Strawberry Hermit Crab Care Sheet
Don’t let the name hermit crab fool you. Hermit crabs are anything BUT hermits. They thrive on social interaction. Having only one hermit crab in a tank can actually drive them crazy I believe. I have had people bring me Strawberry Hermit Crabs that are acting weird and invariably, its because they were by themselves.
Anyway, I am here to help you take care of your Strawberry Hermit Crab properly. Different Hermit Crabs from different locals actually have different needs based upon the species. You don’t take care of a Strawberry Hermit Crab quite like you do a Purple Pincher Crab. And when I say Strawberry Hermit Crab, I mean Coenobita perlatus.
The most distinctive thing about a Strawberry Hermit Crab is its color. Generally bright strawberry red in color with white granual markings, with shiny gray-black eyes. They have thick bodies and thick legs for climbing.
Most people buy their Strawberry Hermit Crabs at a mall kiosk or pet store. And most of them get a small plastic box to hold the crab. I tell ya right now, that box is NOT good for a crabitat (crab habitat). It’s fine for a temporary shelter, but your crabs need some room to roam and interact.
You should have bought at least 2 crabs, preferably 3, to get started. I would recommend starting with a 10 gallon aquarium. They are easy to find and inexpensive. Although larger is better. I recommend that you add an under tank heater to keep the temp up.
Line the bottom of the tank in sand or coconut fiber (Marketed as Forest Bedding®, Bed-A-Beast®, and Eco-Earth®). This is so your crab has something to dig around in. I prefer a combination of coconut fiber and sand. It provides a stable substrate for them to dig in. You need it deep enough for them to bury themselves in, but not so deep it negates an undertank heater.
Next you need something for them to climb on. I use a few pieces of choya wood for them to climb on. Some plastic plants will work as well. Strawberry Hermit Crabs are known to be destructive. So they will make a mess out of that well organized crabitat you just made. Be prepared for that.
Maintain a temperature of at least 72F degrees and I would say no higher than 90f degrees, and a humidity of 70%. You want a “tropical” feel for the crabs. If it gets to hot, you will smell a musty smell and notice a brown liquid coming from the crabs. TURN DOWN THE HEAT IF THAT HAPPENS!
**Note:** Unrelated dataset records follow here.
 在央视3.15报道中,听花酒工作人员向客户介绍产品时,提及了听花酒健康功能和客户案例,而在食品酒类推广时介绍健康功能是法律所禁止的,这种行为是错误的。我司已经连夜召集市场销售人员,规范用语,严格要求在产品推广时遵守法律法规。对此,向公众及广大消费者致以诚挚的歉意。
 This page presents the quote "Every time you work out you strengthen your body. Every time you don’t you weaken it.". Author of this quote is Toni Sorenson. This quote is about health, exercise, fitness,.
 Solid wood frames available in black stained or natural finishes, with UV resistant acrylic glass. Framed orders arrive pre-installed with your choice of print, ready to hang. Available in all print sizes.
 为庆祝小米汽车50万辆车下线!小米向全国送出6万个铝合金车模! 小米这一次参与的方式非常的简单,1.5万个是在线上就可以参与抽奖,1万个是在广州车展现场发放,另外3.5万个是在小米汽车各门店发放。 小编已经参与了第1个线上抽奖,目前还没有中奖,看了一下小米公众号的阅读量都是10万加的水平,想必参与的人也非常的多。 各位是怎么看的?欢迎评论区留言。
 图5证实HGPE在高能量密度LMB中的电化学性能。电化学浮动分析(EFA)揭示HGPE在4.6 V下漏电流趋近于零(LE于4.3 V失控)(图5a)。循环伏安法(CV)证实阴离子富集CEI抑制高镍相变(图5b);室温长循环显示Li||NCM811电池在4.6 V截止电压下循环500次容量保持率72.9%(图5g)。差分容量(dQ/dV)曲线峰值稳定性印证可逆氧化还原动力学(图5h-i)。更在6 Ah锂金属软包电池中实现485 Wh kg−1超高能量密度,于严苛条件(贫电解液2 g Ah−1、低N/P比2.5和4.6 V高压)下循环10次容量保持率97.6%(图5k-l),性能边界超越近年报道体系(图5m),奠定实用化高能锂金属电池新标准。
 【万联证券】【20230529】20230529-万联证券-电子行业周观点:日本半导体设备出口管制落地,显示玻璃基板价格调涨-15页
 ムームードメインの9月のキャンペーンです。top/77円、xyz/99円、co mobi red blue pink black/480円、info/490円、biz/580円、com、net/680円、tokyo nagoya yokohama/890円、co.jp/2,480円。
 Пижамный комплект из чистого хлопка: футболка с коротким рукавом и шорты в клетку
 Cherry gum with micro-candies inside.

The very first thing you need for a Strawberry Hermit Crab is a bowl of salt water. You can get safe salt at your local pet store or online, DO NOT USE TABLE SALT, its contains iodine, which kills crabs. Use a pet grade saltwater aquarium salt. Please use distilled water, or filtered and dechlorinated water. Straight tap water can kill your crabs. Chlorine causes blisters on their gills, causing a slow painful death.
Strawberry Hermit Crabs need 2 bowls of water. One salt one fresh. Make sure the bowl is not so deep the crab can drown in it. Place a sponge in each water bowl for the crabs. It is also a good idea to place a piece of wood, a stone, or something in the water that the crab can grab onto in case it gets distressed in the water. That way it can get itself out.
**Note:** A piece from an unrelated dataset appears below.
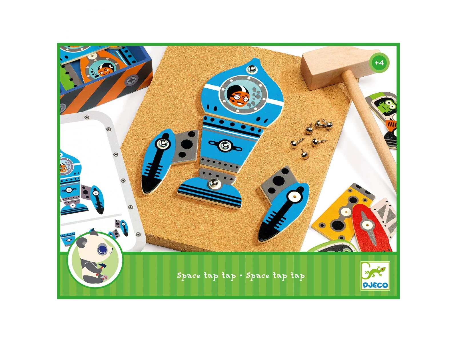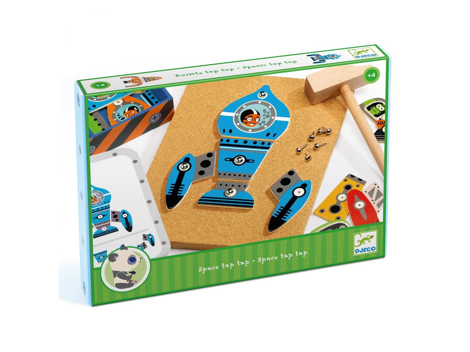 Tap tap Space, un classique des activités de maternelle revisité par Djeco pour développer la dextérité des plus jeunes. L’enfant construit ses propres fusées et navettes spaciales en plaçant les pièces sur le support en liège et en les fixant à l’aide des petits clous et du marteau. Il reproduit les modèles ou fait appel à son imagination pour créer ses propres navettes spatiales à l’infini ! Le tout dans une jolie boîte en bois !
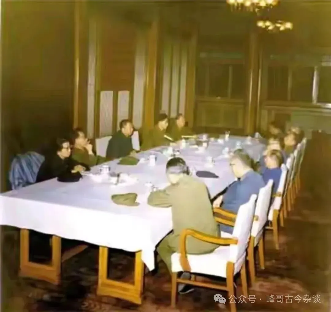 1976年10月4日,中南海紫光阁一张罕见的留影。借着微弱的灯光,华国锋主持了这一次特殊的会议。镜头中,张春桥在左排左二的位置,王洪文在左排左四的位置,二位都身穿军装,还有一位穿军装的坐在王洪文身边,左排右一是汪东兴。这次会议姚文元请假没有来,以“遗孀自居”的江青,坐在左一的位置。谁都想不到,这张照片拍过两天后,里面的三个人成为了阶下囚。

One food bowl should suffice. It Is very important to feed your Strawberry Hermit Crab a diet rich in carotene. Some of the best foods are sun dried shrimp, plankton, and color enhancing fish food. Make sure they always have access to these foods, and your crab will maintain a healthy red/orange color.
I feel that bathing a crab is mostly unnecessary. Only in certain circumstances will I bath them. When they first come home, after a molt, and thats about it.
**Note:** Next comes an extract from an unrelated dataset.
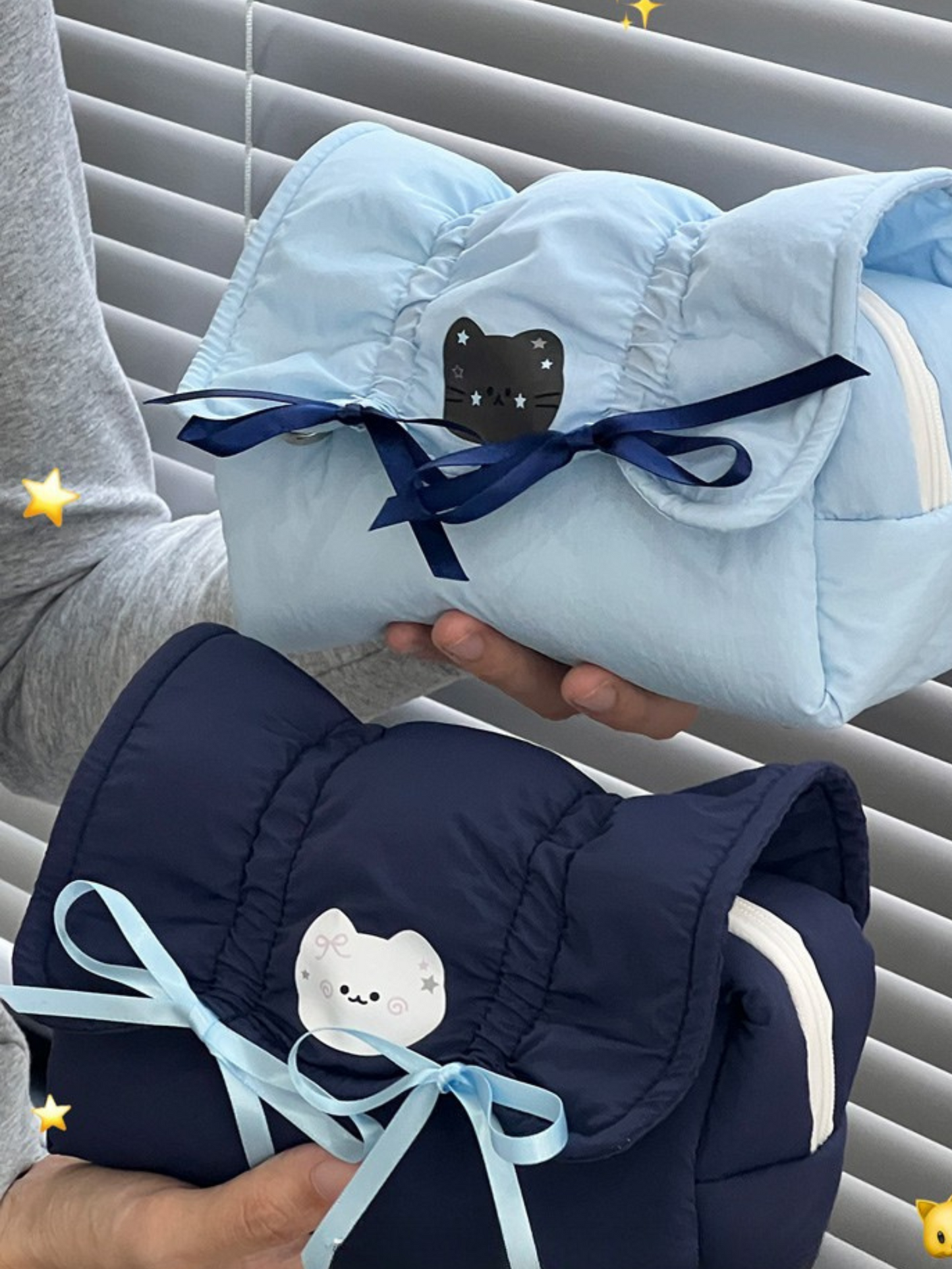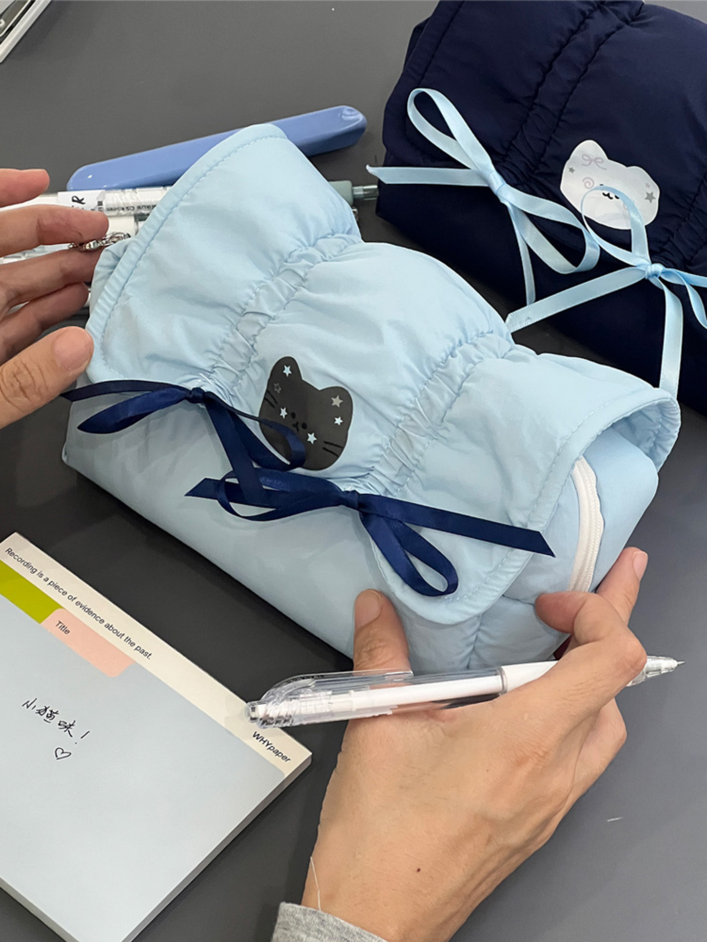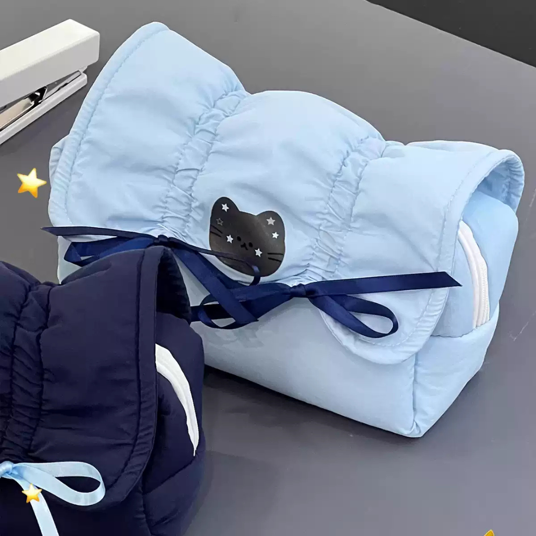Organize your essentials in style with the Cute Creamy Blue Bow Pencil Pouch, the perfect blend of practicality and charm!

Spot cleaning is best done weekly. Removing bits of exo skeleton, food bits, and other debris. Place all the climbing toys back, or its a good time for a remodel, keep the crabs from getting bored. If using coconut fiber substrate, clean what can be seen, and every few months change out all of the substrate.
Following these tips will help you keep a happy healthy crab population.